■ Source information:
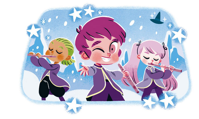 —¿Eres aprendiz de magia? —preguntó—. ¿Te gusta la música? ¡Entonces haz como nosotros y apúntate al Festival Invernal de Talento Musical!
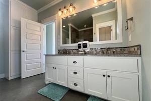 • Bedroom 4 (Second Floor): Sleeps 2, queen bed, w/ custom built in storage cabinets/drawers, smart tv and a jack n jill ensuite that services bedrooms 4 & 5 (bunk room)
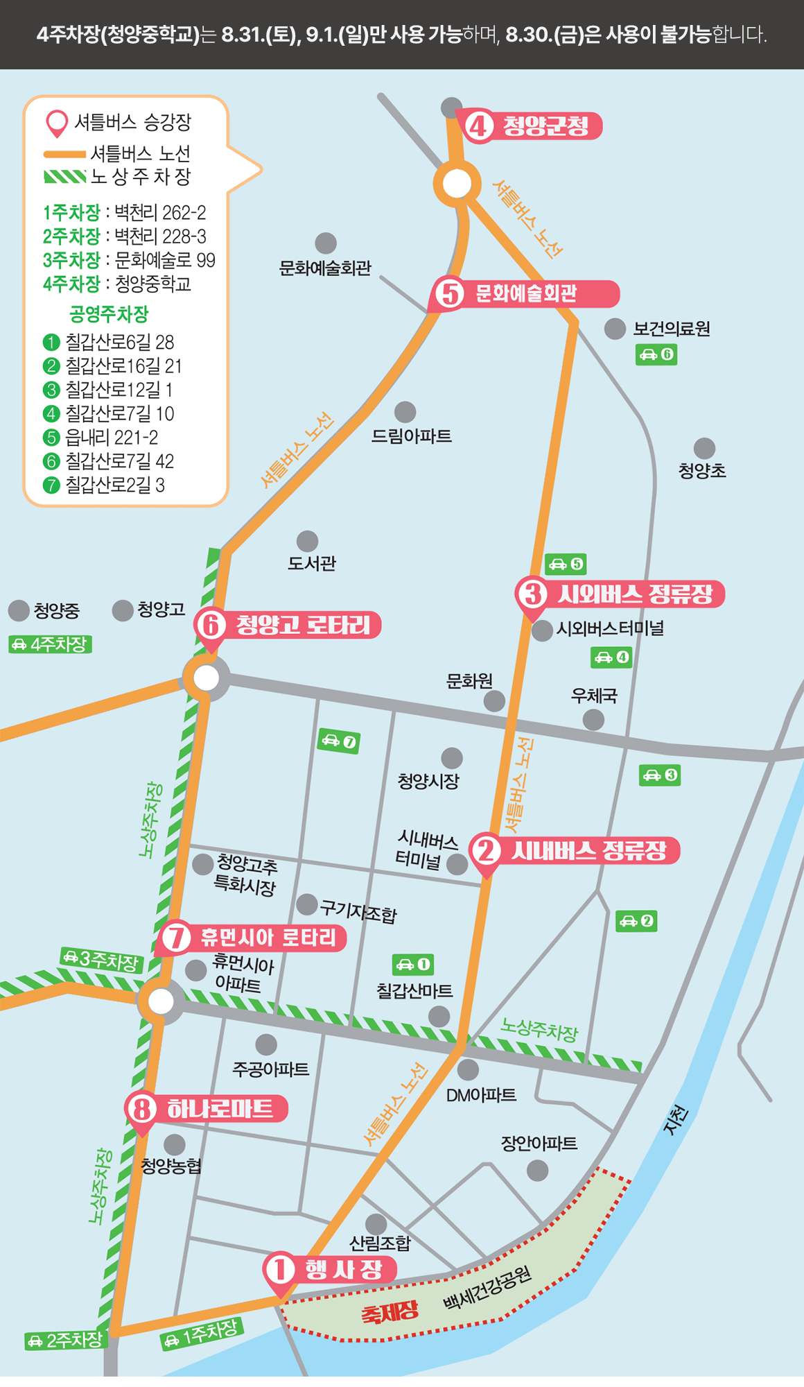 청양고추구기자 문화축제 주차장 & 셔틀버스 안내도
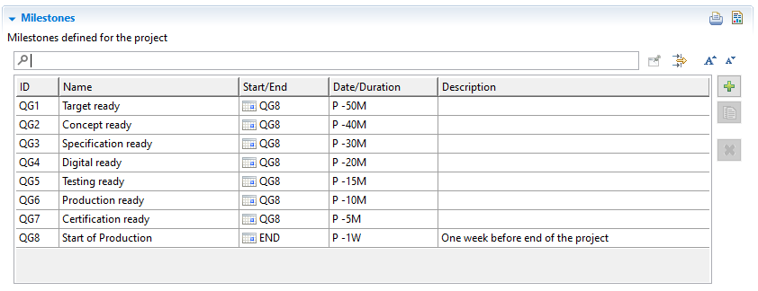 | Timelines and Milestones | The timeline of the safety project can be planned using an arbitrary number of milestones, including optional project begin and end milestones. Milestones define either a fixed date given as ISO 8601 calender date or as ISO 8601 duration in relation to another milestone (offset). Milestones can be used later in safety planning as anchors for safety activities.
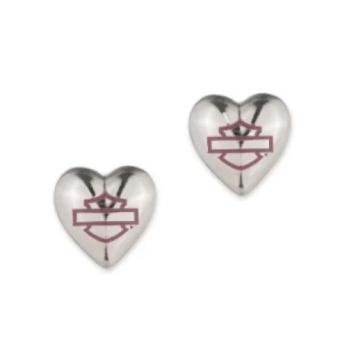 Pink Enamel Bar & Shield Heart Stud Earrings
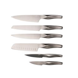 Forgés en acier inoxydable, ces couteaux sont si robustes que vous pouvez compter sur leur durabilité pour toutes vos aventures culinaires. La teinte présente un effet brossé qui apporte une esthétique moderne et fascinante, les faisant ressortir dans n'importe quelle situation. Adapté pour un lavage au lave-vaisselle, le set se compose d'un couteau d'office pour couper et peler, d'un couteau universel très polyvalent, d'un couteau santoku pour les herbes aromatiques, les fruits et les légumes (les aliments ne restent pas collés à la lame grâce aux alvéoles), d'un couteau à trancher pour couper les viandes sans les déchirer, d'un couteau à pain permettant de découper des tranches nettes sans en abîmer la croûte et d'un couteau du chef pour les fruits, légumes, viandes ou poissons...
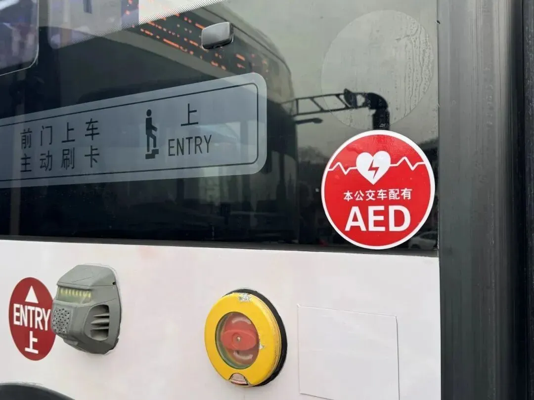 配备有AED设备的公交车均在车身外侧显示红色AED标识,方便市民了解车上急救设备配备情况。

■ Problem to work on: Reproduce the data above exactly, but only from the line containing "5 (bunk room)" through the line containing "Pink Enamel Bar & Shield Heart Stud Earrings". Omit all pictures.

■ Result for this task:
 • Bedroom 4 (Second Floor): Sleeps 2, queen bed, w/ custom built in storage cabinets/drawers, smart tv and a jack n jill ensuite that services bedrooms 4 & 5 (bunk room)
 청양고추구기자 문화축제 주차장 & 셔틀버스 안내도
 | Timelines and Milestones | The timeline of the safety project can be planned using an arbitrary number of milestones, including optional project begin and end milestones. Milestones define either a fixed date given as ISO 8601 calender date or as ISO 8601 duration in relation to another milestone (offset). Milestones can be used later in safety planning as anchors for safety activities.
 Pink Enamel Bar & Shield Heart Stud Earrings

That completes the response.